# The Good Place



## Mouse (Dec 21, 2018)

Anybody watching this? It's just started on E4 at 9 on a Thursday (UK). 

Here's the blurb:
When Eleanor Shellstrop finds herself in the afterlife, she's both relieved and surprised that she's made it into the Good Place. But it doesn't take long for Eleanor to realize she's there by mistake. She hides in plain sight from the Good Place's architect Michael and his all-knowing assistant Janet. Her seemingly perfect neighbors Tahani and Jianyu and open-hearted soul mate Chidi help her realize that it's never too late. With the help of her new friends -- and a few enemies -- Eleanor becomes determined to shed her old way of life in hopes of discovering a new one in the afterlife.

I like it so far, there's some funny bits. The MC's a douchebag but that's the point and I'm expecting her to change. Bit odd that all the dead people seem to be young... maybe there will be an explanation. Also, not sure why the soulmate comes to you in the afterlife and not while you're living but again, maybe that will be explained... or maybe it doesn't matter as it's a sitcom.


----------



## farntfar (Dec 21, 2018)

Keep with it, Mouse.
It's fun.

It's currently on season 3 on Netflix, so I won't say more, but Eleanor's life, er I mean death, is going to get more complicated (if never very serious) but they all stay very likeable, even the baddies.


----------



## Hugh (Dec 21, 2018)

By coincidence we gave up on this just a few days ago @episode 5 in the first season.  We both really enjoyed the first episode, but felt it lost steam as it progressed.  However, you are due one or two interesting surprises in the next few episodes.


----------



## Mouse (Dec 21, 2018)

Will definitely stick with it! Like what I've seen so far.


----------



## Mr Orange (May 5, 2019)

just binge watched the first season of this on recommendation from a mate and really enjoyed it. good laughs, and a decent storyline. also, I had forgotten how enjoyable ted danson is  to watch.


----------



## Dennis E. Taylor (May 6, 2019)

I like that the series doesn't go lowest-common-denominator with the writing. They're actually doing a series that's based on precepts in moral philosophy, and they're getting it right, and they're making it relevant.

And as with Frasier, the philosophy professor is competent in his field even if a neurotic git otherwise.


----------



## Rodders (Sep 29, 2019)

I just finished the first series and found it very enjoyable. Ted Danson and Kristen Bell are excellent and I am finding Janet pretty amusing. 

I like The whimsical nature of the show. Reminds me a little bit of Wonderfalls.  

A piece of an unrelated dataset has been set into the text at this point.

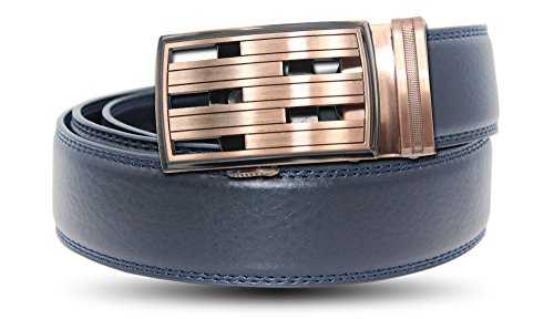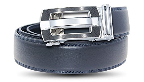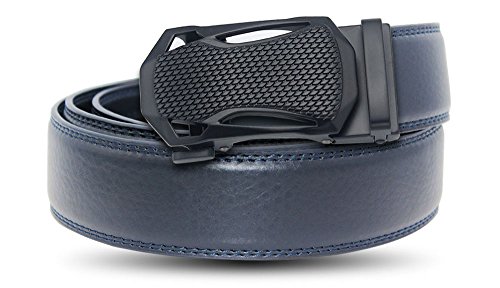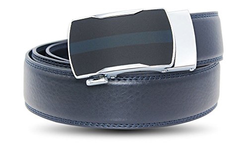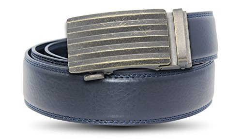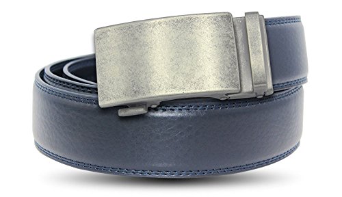 EZ CLICK BELTS Men's Leather Belts (Waist 28"- 46", Blue Leather with Elite Buckle)

I’ll order the second series soon.


----------



## Mouse (Sep 29, 2019)

The first ep of series 4 has just gone up on Netflix so I watched it last night. Still enjoying it.


----------



## farntfar (Oct 15, 2019)

So far, season 4 has been something of a let down, after the first three.


----------



## Mouse (Oct 15, 2019)

I've only seen the first two eps of series 4 so far.


----------



## CupofJoe (Oct 15, 2019)

I didn't really like the first series.  There was a lot going on and I didn't feel there was anyone I wanted to succeed. I gave up after the second or third episode.  It was only by chance that I caught series 2 and really liked it.  I haven't seen any of the later series [waiting for them to come to free-to-air TV] but I like that they have announced the end.  Too many comedies go one a series or three too far. Give me twelve glorious episode of Fleabag or Fawlty Towers and I am in clover...


----------



## Mr Orange (Oct 16, 2019)

farntfar said:


> So far, season 4 has been something of a let down, after the first three.

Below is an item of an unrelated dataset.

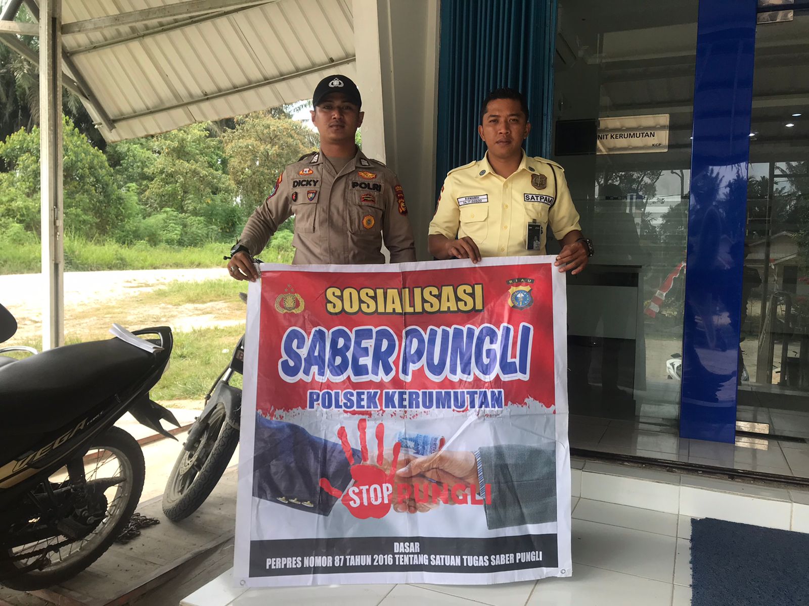 Dalam upaya mendukung pemberantasan pungutan liar, Polsek Kerumutan melaksanakan sosialisasi Saber Pungli kepada masyarakat, Rabu pagi (27/08/2025). Kegiatan ini merupakan tindak lanjut dari Peraturan Presiden Nomor 87 Tahun 2016 tentang Satuan Tugas Sapu Bersih Pungutan Liar.

have to agree. 3 episodes in and watching to see how the season ends up more than anything else


----------



## Rodders (Oct 16, 2019)

I started the second series last night. Pretty good, so far. Quite clever in places.


----------



## Star-child (Oct 16, 2019)

Great, thoroughly out-of-box show.


----------



## farntfar (Jan 31, 2020)

Well despite a poor start, season 4 got much better in the second half.
I've just watched the very last episode.

I was expecting a fairly poor conclusion. After all, how could you end such a progam, in a way that was less than cheesy or a cop out.

I was pleasantly surprised.


----------



## Narkalui (Feb 16, 2020)

Isn't Kristen Bell the lightning girl from Heroes?


----------



## Star-child (Feb 16, 2020)

Narkalui said:


> Isn't Kristen Bell the lightning girl from Heroes?


Yes. Her big claim to fame is the excellent Veronica Mars series. A little known but excellent film of her's is Spartan, but she's always good. She's hilarious as the titular Sarah Marshall.


----------



## Mouse (Feb 16, 2020)

farntfar said:


> I was pleasantly surprised.



I thought the last ep was really good - the Janet/Jason stuff almost got me.


----------



## Mr Orange (Feb 16, 2020)

farntfar said:


> Well despite a poor start, season 4 got much better in the second half.
> I've just watched the very last episode.
> 
> I was expecting a fairly poor conclusion. After all, how could you end such a progam, in a way that was less than cheesy or a cop out.
> ...





Mouse said:


> I thought the last ep was really good - the Janet/Jason stuff almost got me.



agree and agree.

I was expecting a disappointing end when they solved the problems with the points system and got floated up to the good place. to the point where I stopped watching for a bit (actually until your post above @farntfar) . very pleased I watched the end. I thought the last couple of episodes were great and a fitting end to the series. I also like the fact that they ended it when it got to a point that it needed to end and they didn't push on for another 5 seasons until it was awful (like some series I could mention...)


----------



## Rodders (May 3, 2020)

I finished it just now. What a wonderful show. It ended just right, in my opinion.


----------



## Avelino de Castro (May 12, 2020)

I loved the series.  Learned alot about ethics that I didn't already know.  And was very entertained.  It lagged in spots, but that's to be expected.  Michael Shur is a clever fellow.  I look forward to more stories from him.


----------



## Guttersnipe (Dec 19, 2020)

Almost done with the first season. I'm pleasantly surprised at how philosophical it is. I don't think it's that funny, but it is very interesting and stimulating.


----------



## asp3 (Aug 14, 2021)

This was my favorite TV show in years.  I loved the entire arc, it almost always kept me guessing and it seemed to be clever most of the time.


----------